* _Try it_:
The lines below must be transcribed exactly as given, with the images removed.

* _Provided data_:
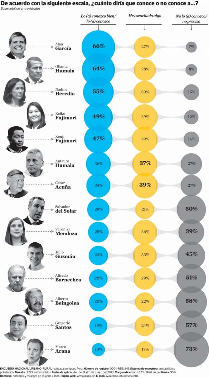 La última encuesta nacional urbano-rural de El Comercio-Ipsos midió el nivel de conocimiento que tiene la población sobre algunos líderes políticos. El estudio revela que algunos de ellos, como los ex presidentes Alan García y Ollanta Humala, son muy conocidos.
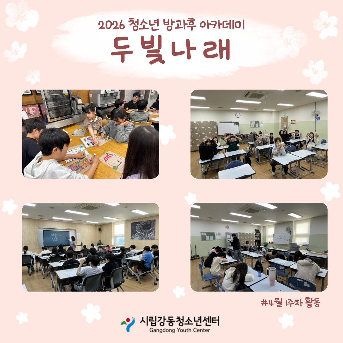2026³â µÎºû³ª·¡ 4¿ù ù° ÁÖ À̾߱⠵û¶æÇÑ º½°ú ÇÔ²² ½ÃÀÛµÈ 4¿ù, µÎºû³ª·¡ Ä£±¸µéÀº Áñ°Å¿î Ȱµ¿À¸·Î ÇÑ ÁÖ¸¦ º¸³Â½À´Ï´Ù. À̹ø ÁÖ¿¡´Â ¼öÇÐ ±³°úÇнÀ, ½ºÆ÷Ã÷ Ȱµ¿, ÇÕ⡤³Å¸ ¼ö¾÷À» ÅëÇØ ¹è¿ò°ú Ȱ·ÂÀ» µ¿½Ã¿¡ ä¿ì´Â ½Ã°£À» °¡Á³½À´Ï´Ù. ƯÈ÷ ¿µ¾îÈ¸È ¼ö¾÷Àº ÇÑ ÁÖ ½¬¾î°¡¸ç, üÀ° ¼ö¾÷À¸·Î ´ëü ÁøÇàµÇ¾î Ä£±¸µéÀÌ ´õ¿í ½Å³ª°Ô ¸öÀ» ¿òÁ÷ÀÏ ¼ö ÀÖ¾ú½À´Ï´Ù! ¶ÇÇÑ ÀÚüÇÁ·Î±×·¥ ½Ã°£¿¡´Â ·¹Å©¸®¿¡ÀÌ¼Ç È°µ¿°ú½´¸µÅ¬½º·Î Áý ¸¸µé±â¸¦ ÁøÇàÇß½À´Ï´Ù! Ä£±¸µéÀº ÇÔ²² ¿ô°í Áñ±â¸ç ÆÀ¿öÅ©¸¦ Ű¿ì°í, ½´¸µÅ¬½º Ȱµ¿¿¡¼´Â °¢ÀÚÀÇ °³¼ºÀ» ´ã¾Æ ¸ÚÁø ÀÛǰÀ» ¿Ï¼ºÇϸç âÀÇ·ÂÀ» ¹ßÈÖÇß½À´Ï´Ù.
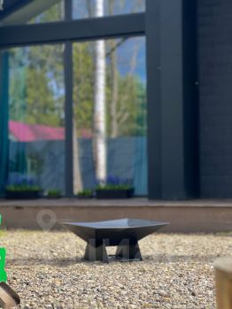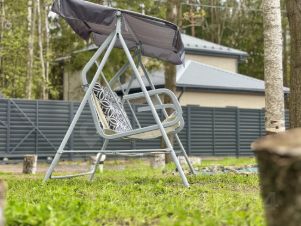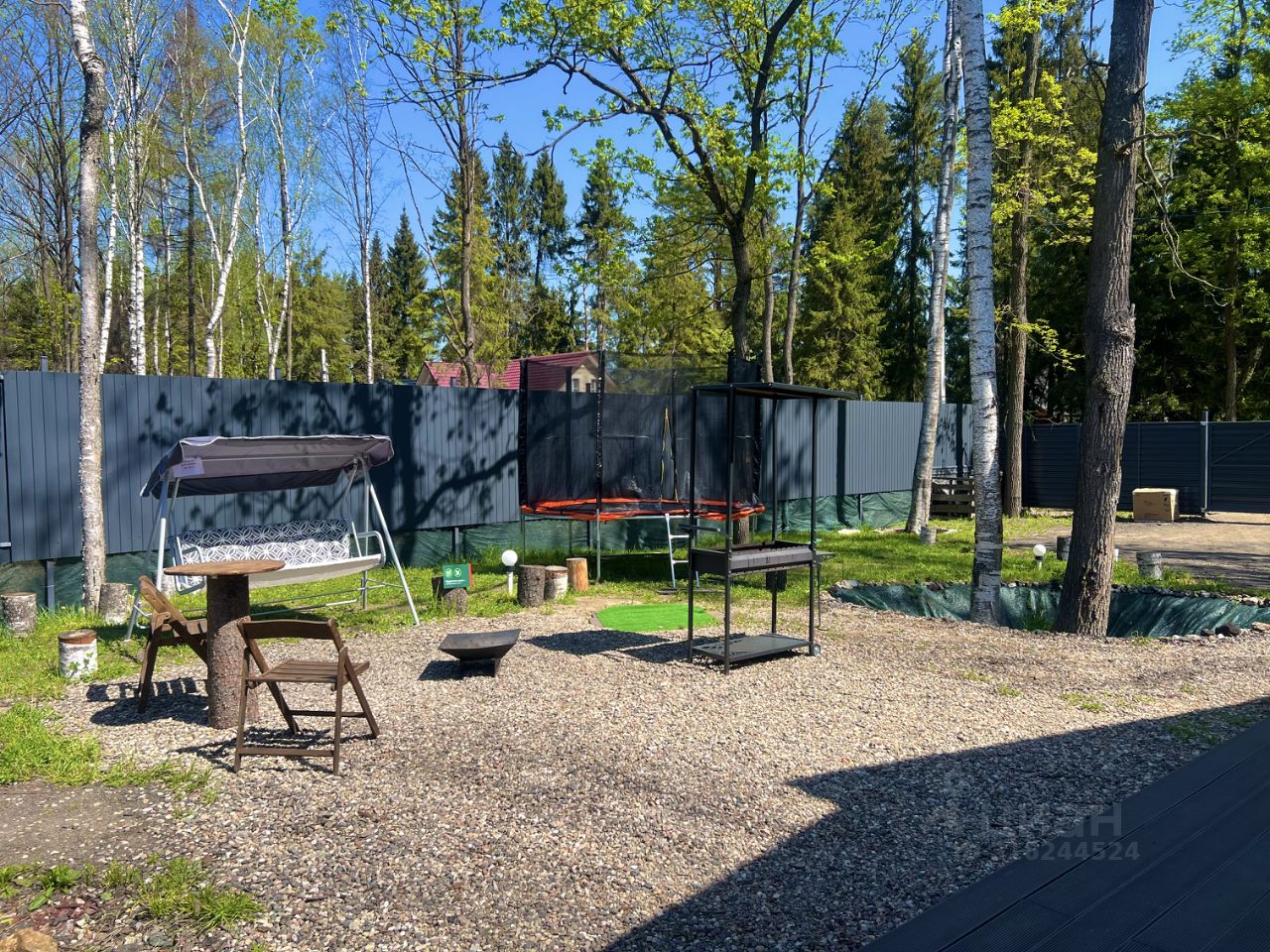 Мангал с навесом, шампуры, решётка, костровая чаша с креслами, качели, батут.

* _Problem solution_:
 La última encuesta nacional urbano-rural de El Comercio-Ipsos midió el nivel de conocimiento que tiene la población sobre algunos líderes políticos. El estudio revela que algunos de ellos, como los ex presidentes Alan García y Ollanta Humala, son muy conocidos.
2026³â µÎºû³ª·¡ 4¿ù ù° ÁÖ À̾߱⠵û¶æÇÑ º½°ú ÇÔ²² ½ÃÀÛµÈ 4¿ù, µÎºû³ª·¡ Ä£±¸µéÀº Áñ°Å¿î Ȱµ¿À¸·Î ÇÑ ÁÖ¸¦ º¸³Â½À´Ï´Ù. À̹ø ÁÖ¿¡´Â ¼öÇÐ ±³°úÇнÀ, ½ºÆ÷Ã÷ Ȱµ¿, ÇÕ⡤³Å¸ ¼ö¾÷À» ÅëÇØ ¹è¿ò°ú Ȱ·ÂÀ» µ¿½Ã¿¡ ä¿ì´Â ½Ã°£À» °¡Á³½À´Ï´Ù. ƯÈ÷ ¿µ¾îÈ¸È ¼ö¾÷Àº ÇÑ ÁÖ ½¬¾î°¡¸ç, üÀ° ¼ö¾÷À¸·Î ´ëü ÁøÇàµÇ¾î Ä£±¸µéÀÌ ´õ¿í ½Å³ª°Ô ¸öÀ» ¿òÁ÷ÀÏ ¼ö ÀÖ¾ú½À´Ï´Ù! ¶ÇÇÑ ÀÚüÇÁ·Î±×·¥ ½Ã°£¿¡´Â ·¹Å©¸®¿¡ÀÌ¼Ç È°µ¿°ú½´¸µÅ¬½º·Î Áý ¸¸µé±â¸¦ ÁøÇàÇß½À´Ï´Ù! Ä£±¸µéÀº ÇÔ²² ¿ô°í Áñ±â¸ç ÆÀ¿öÅ©¸¦ Ű¿ì°í, ½´¸µÅ¬½º Ȱµ¿¿¡¼´Â °¢ÀÚÀÇ °³¼ºÀ» ´ã¾Æ ¸ÚÁø ÀÛǰÀ» ¿Ï¼ºÇϸç âÀÇ·ÂÀ» ¹ßÈÖÇß½À´Ï´Ù.
 Мангал с навесом, шампуры, решётка, костровая чаша с креслами, качели, батут.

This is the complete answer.